Did Intel say why all the black ink on that Clearwater Forest chip?
That seems to be a very risky chip … gaa/bspd/hybrid bonding,18A all being introduced in the same chip. Did they actually demo one?
Never thought I’d see a vulture capitalist group (Apollo Global Management) investing in Intel. I thought Gelsinger was supposed to be Intel’s savior?
As others have pointed out, these seems a bit bias on the Intel side of things.
Yes, we’re all glad to see them finally getting their house in order and competing, but do better on containing your fanfare.
Wow. So many haters claiming bias. Go back and re-read the linked epic Rome review from 2019.
When I compare that to this one and all I see is that good products get good reviews (this one) and great products get great reviews (Rome). I also noticed how thankful Patrick is to have intel be competitive in the top of the line, which it is with this latest launch and how awesome it was back in 2019 to have AMD jump out and surpass intel just a few years after they were nearly bankrupt.
For detailed benchmarks I refer all to Phoronix – but a very nice piece by ServeTheHome.
many thanks, L
So, different kinds of “leadership” …
According to Micheal at Phoronix this year’s Intel 6980P is 12% faster than last year’s AMD 9684X.

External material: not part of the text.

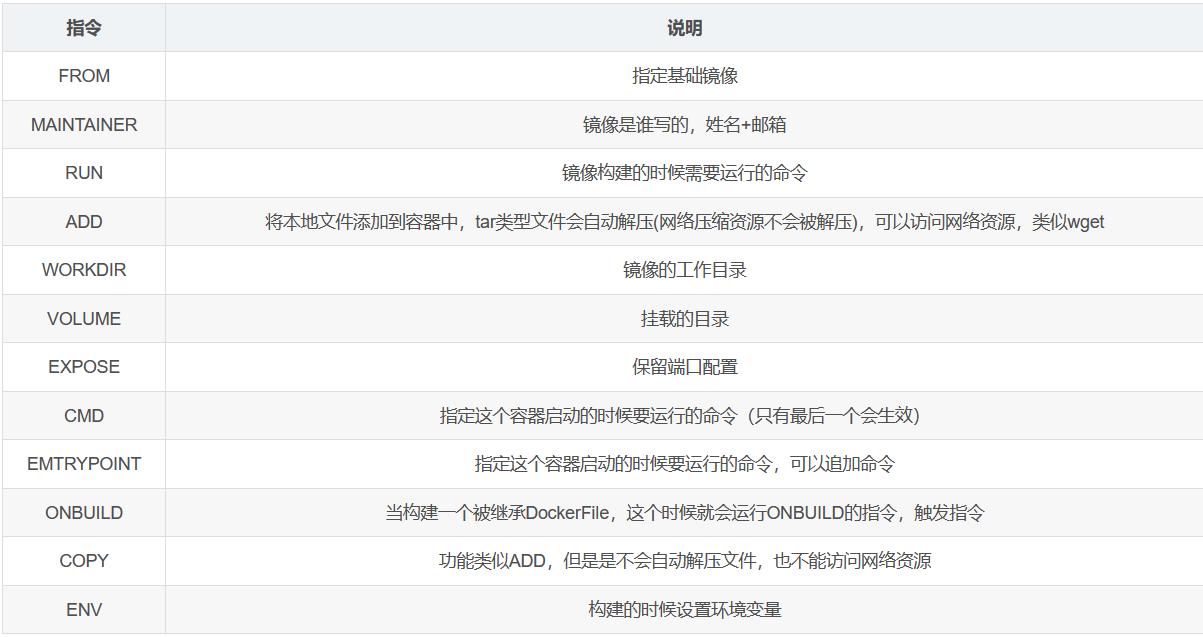 Dockerfile指令介绍的官方文档:https://docs.docker.com/engine/reference/builder/

But, the 6980P has 700 TDP and the 9684X has 400 TDP (while remembering that comparisons of their TDPs isn’t exactly equal) and AMD costs U$10K less. So, 75% more TDP and 5x more $ (unfairly comparing guestimated MSRP vs discount pricing). With the new Turin (coming RSN) offering moar Coors and a big bump over AMDs last generation; in the same socket.
Making a tortoise and hare comparison would be confusing as to who is who and who is ahead at a particular point in time.
We appreciate the effort it takes to put together these articles and enjoy reading them; except for the shameful core latency mushy pea soup image, while other sites has tack sharp puny numbers and a reasonable sized image file nonetheless.
I need Intel to go up so I can give Grandma her retirement back…
We all know Turin is coming. At least AMD now needs to push really hard instead of just coasting because Intel’s been so far behind. Let Intel have its weeks at the top.
On the plus Epyc now has some competition coming. The one big pain point will be software licensing where it’s licensed per Core.
What is up with that lscpu output for the SNC3 configuration? It reports:
Node 0: 43 threads
Node 1: 43 threads
Node 2: 73 threads
Node 3: 86 threads
Node 4: 86 threads
Node 5: 84 threads
And then threads 256-352 are completely unaccounted.
@emerth: I see 0.5TB/s in stream on 128 cores while NVLD seems to go to 0.6 TB/s — so I’d agree with “closing” here.
Intel fanboys forgot AMD Turin with 192 cores? That is always the case, Intel concentrated for quarter year profits instead of keeping R&D on good shape. Now better to concentrate selling factories to someones that need “old school” stuff. Game over. There could be some ligth if they could boost soon out 256 c, which is very unlikely. AMD will do it soon anyway, most likely minor change to just add 20 % more cores. But fanboys are fanboys and always forgotting the truth.